Ubu Roi, de Alfred Jarry, já estava prevista no projeto quadrienal do Teatro do Bairro, mas, quando Donald Trump foi eleito, ganhou um novo fôlego. “Comecei logo a pensar nesta peça”, diz o encenador António Pires. Façamos um breve resumo: Ubu assassina o rei Venceslau da Polónia, usurpa o trono e, a partir dessa situação de poder, exerce o seu reinado de forma despótica e sanguinária, destruindo tudo e todos a seu bel-prazer.
Além dos traços de autoritarismo, que encontramos em muitas outras figuras da política mundial, é o lado “grotesco” da personagem que faz com que a relação com Trump seja tão natural, justifica António Pires. “Não tive nenhuma ‘iluminação’. Aliás, quando comecei a fazer pesquisa, dei-me conta de que muitas companhias têm feito Ubus estabelecendo essa ponte. Algumas foram mais longe, pondo-lhe uma peruca por exemplo”, conta, com uma gargalhada.

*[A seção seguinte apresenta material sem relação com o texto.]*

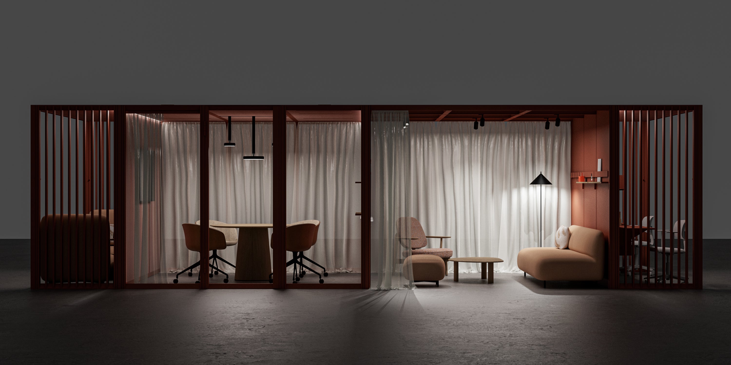 Rom-i-rom-konseptet handler om å dele et større rom i mindre definerte soner uten å gjøre permanente endringer i bygget. Det gjør det mulig å lage separate rom for ulike formål innenfor samme rom. For eksempel kan en stor kontorplass deles inn i mindre arbeidsstasjoner eller møterom. Løsningene er fleksible og tilpasningsdyktige for raskt å møte endrede behov eller ønsker.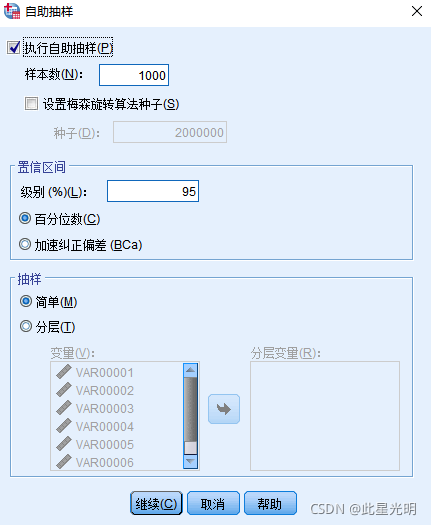 当然这里还有一个自助抽样环节,这个就需要你根据自己的需求设定了,一般不会用到: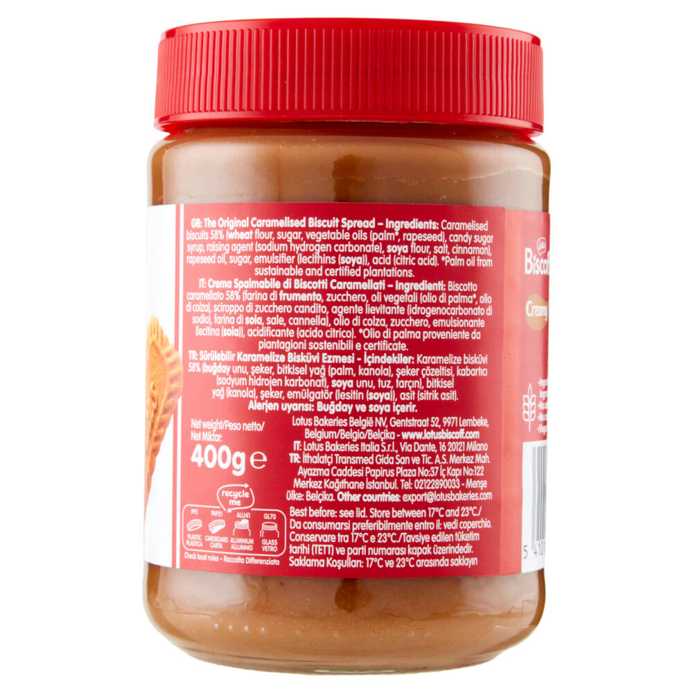 Biscotto caramellato 58% (farina di frumento, zucchero, oli vegetali (olio di palma*, olio di colza), sciroppo di zucchero candito, agente lievitante (idrogenocarbonato di sodio), farina di soia, sale, cannella) Olio di colza Zucchero Emulsionante (lecitina (soia)) Acidificante (acido citrico) *Olio di palma proveniente da piantagioni sostenibili e certificate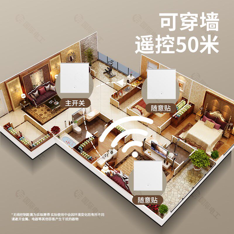 无线遥控开关双控免布线面板家用电灯子母220v远程控制随意贴智能

No seu Ubu Rei, isso faz parte do subtexto, tal como a relação com Salazar estava implícita quando Alexandre O’Neill e Luís de Lima fizeram a tradução da peça (editada pela Minotauro, em 1962, com o título Mestre Ubu). Foi essa a versão que António Pires escolheu, por verter o texto para um “universo muito português” e pela forma como explora a dimensão “vernacular, pura, quase infantil” do original.
Tudo isso é explorado em cena com muito humor, sendo notável o trabalho de movimento dos 15 atores em palco (Alexandra Rosa, João Barbosa, Mário Sousa, Rafael Fonseca e 11 estudantes da Act School) de aproximação aos gestos do teatro de marionetas, para o qual a peça de Jarry foi inicialmente pensada. A banda sonora é outro contributo importante para a paródia, com Fernando Simões em palco, à boca de cena, a lembrar um cantor de baile popular ou “um artista convidado do programa da tarde da TVI”, nota António Pires, com outra gargalhada: “Quis trabalhar este lado absurdo, meio bruto, adolescente, estúpido, que o texto tem. Não me estava a apetecer um teatro muito composto, cheio de subtilezas e humores, até porque o mundo já não está para isso”, conclui.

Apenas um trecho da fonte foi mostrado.